Dice Moralejo: "Más que la aclaración de sus orígenes, nos interesa aquí (art.citado de "Artistas... Compostellanum XXX 1985) la posterior fortuna de este pequeño ciclo laboral, significativamente desvirtuado en las copias de que fue objeto, particularmente en iglesias santanderinas. Allí parece tratarse ya de faenas agrícolas: la cubeta para la preparación de la masa sugeriría un lagar; el acarreo de materiales, el de uvas vendimiadas y la herramienta del cantero acabó en azada de cavador".  Y el gran maestro alude a una imagen quizás contemporánea pero que sólo sirve en el sentido de la identificación laboral y no  como ordalía que convierte a este capitel en una residuo de una "justicia" brutal a extinguir, como lo es la "ejecución sumaria" que pensamos se efigia en el capitel de la Orestiada como muestra de la más antigua ley, en el mundo clásico.

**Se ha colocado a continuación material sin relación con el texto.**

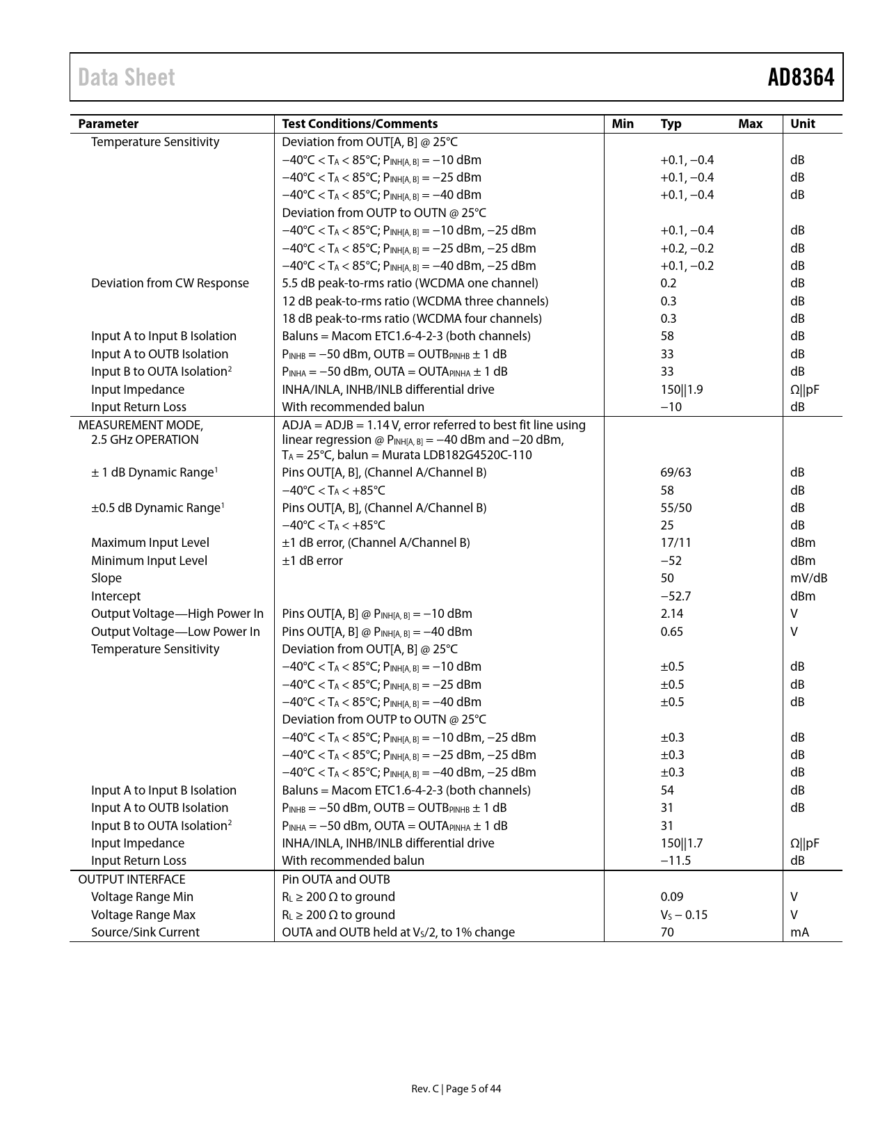 link to page 7 link to page 7 link to page 7 link to page 7 Data SheetAD8364ParameterTest Conditions/CommentsMinTypMaxUnit Temperature Sensitivity Deviation from OUT[A, B] @ 25°C −40°C < TA < 85°C; PINH[A, B] = −10 dBm +0.1, −0.4 dB −40°C < TA < 85°C; PINH[A, B] = −25 dBm +0.1, −0.4 dB −40°C < TA < 85°C; PINH[A, B] = −40 dBm +0.1, −0.4 dB Deviation from OUTP to OUTN @ 25°C −40°C < TA < 85°C; PINH[A, B] = −10 dBm, −25 dBm +0.1, −0.4 dB −40°C < TA < 85°C; PINH[A, B] = −25 dBm, −25 dBm +0.2, −0.2 dB −40°C < TA < 85°C; PINH[A, B] = −40 dBm, −25 dBm +0.1, −0.2 dB Deviation from CW Response 5.5 dB peak-to-rms ratio (WCDMA one channel) 0.2 dB 12 dB peak-to-rms ratio (WCDMA three channels) 0.3 dB 18 dB peak-to-rms ratio (WCDMA four channels) 0.3 dB Input A to Input B Isolation Baluns = Macom ETC1.6-4-2-3 (both channels) 58 dB Input A to OUTB Isolation PINHB = −50 dBm, OUTB = OUTBPINHB ± 1 dB 33 dB Input B to OUTA Isolation2 PINHA = −50 dBm, OUTA = OUTAPINHA ± 1 dB 33 dB Input Impedance INHA/INLA, INHB/INLB differential drive 150||1.9 Ω||pF Input Return Loss With recommended balun −10 dB MEASUREMENT MODE, ADJA = ADJB = 1.14 V, error referred to best fit line using 2.5 GHz OPERATION linear regression @ PINH[A, B] = −40 dBm and −20 dBm, TA = 25°C, balun = Murata LDB182G4520C-110 ± 1 dB Dynamic Range1 Pins OUT[A, B], (Channel A/Channel B) 69/63 dB −40°C < TA < +85°C 58 dB ±0.5 dB Dynamic Range1 Pins OUT[A, B], (Channel A/Channel B) 55/50 dB −40°C < TA < +85°C 25 dB Maximum Input Level ±1 dB error, (Channel A/Channel B) 17/11 dBm Minimum Input Level ±1 dB error −52 dBm Slope 50 mV/dB Intercept −52.7 dBm Output Voltage—High Power In Pins OUT[A, B] @ PINH[A, B] = −10 dBm 2.14 V Output Voltage—Low Power In Pins OUT[A, B] @ PINH[A, B] = −40 dBm 0.65 V Temperature Sensitivity Deviation from OUT[A, B] @ 25°C −40°C < TA < 85°C; PINH[A, B] = −10 dBm ±0.5 dB −40°C < TA < 85°C; PINH[A, B] = −25 dBm ±0.5 dB −40°C < TA < 85°C; PINH[A, B] = −40 dBm ±0.5 dB Deviation from OUTP to OUTN @ 25°C −40°C < TA < 85°C; PINH[A, B] = −10 dBm, −25 dBm ±0.3 dB −40°C < TA < 85°C; PINH[A, B] = −25 dBm, −25 dBm ±0.3 dB −40°C < TA < 85°C; PINH[A, B] = −40 dBm, −25 dBm ±0.3 dB Input A to Input B Isolation Baluns = Macom ETC1.6-4-2-3 (both channels) 54 dB Input A to OUTB Isolation PINHB = −50 dBm, OUTB = OUTBPINHB ± 1 dB 31 dB Input B to OUTA Isolation2 PINHA = −50 dBm, OUTA = OUTAPINHA ± 1 dB 31 Input Impedance INHA/INLA, INHB/INLB differential drive 150||1.7 Ω||pF Input Return Loss With recommended balun −11.5 dB OUTPUT INTERFACE Pin OUTA and OUTB Voltage Range Min RL ≥ 200 Ω to ground 0.09 V Voltage Range Max RL ≥ 200 Ω to ground VS − 0.15 V Source/Sink Current OUTA and OUTB held at VS/2, to 1% change 70 mA Rev. C | Page 5 of 44 Document Outline FEATURES APPLICATIONS FUNCTIONAL BLOCK DIAGRAM GENERAL DESCRIPTION REVISION HISTORY SPECIFICATIONS ABSOLUTE MAXIMUM RATINGS ESD CAUTION PIN CONFIGURATION AND FUNCTION DESCRIPTIONS TYPICAL PERFORMANCE CHARACTERISTICS THEORY OF OPERATION SQUARE LAW DETECTOR AND AMPLITUDE TARGET RF INPUT INTERFACE OFFSET COMPENSATION TEMPERATURE SENSOR INTERFACE VREF INTERFACE POWER-DOWN INTERFACE VST[A, B] INTERFACE OUT[A, B, P, N] OUTPUTS MEASUREMENT CHANNEL DIFFERENCE OUTPUT USING OUT[P, N] CONTROLLER MODE RF MEASUREMENT MODE BASIC CONNECTIONS CONTROLLER MODE BASIC CONNECTIONS Automatic Power Control Automatic Gain Control CONSTANT OUTPUT POWER OPERATION GAIN-STABLE TRANSMITTER/RECEIVER TEMPERATURE COMPENSATION ADJUSTMENT DEVICE CALIBRATION AND ERROR CALCULATION SELECTING CALIBRATION POINTS TO IMPROVE ACCURACY OVER A REDUCED RANGE CHANNEL ISOLATION ALTERING THE SLOPE CHOOSING THE RIGHT VALUE FOR CHP[A, B] AND CLP[A, B] RF BURST RESPONSE TIME SINGLE-ENDED INPUT OPERATION PRINTED CIRCUIT BOARD CONSIDERATIONS PACKAGE CONSIDERATIONS DESCRIPTION OF CHARACTERIZATION BASIS FOR ERROR CALCULATIONS EVALUATION BOARD OUTLINE DIMENSIONS ORDERING GUIDE

Bien, se trata de un marfil germánico del siglo XI del Museo Público de Liverpool claramente relativo al vino, que puede marcar la pauta para todos los demás, pero no para el capitel de Frómista.
De todo el repertorio de porteadores, tan sólo hay un capitel que pudiera remotamente hacer alusión a una ceremonia de agua caliente y es el de Siones, ya que a ambos lados de los porteadores aparecen sentadas sendas damas apenadas y un tanto lúgubres, pero no con una alusión tan directa como en San Martín de Frómista.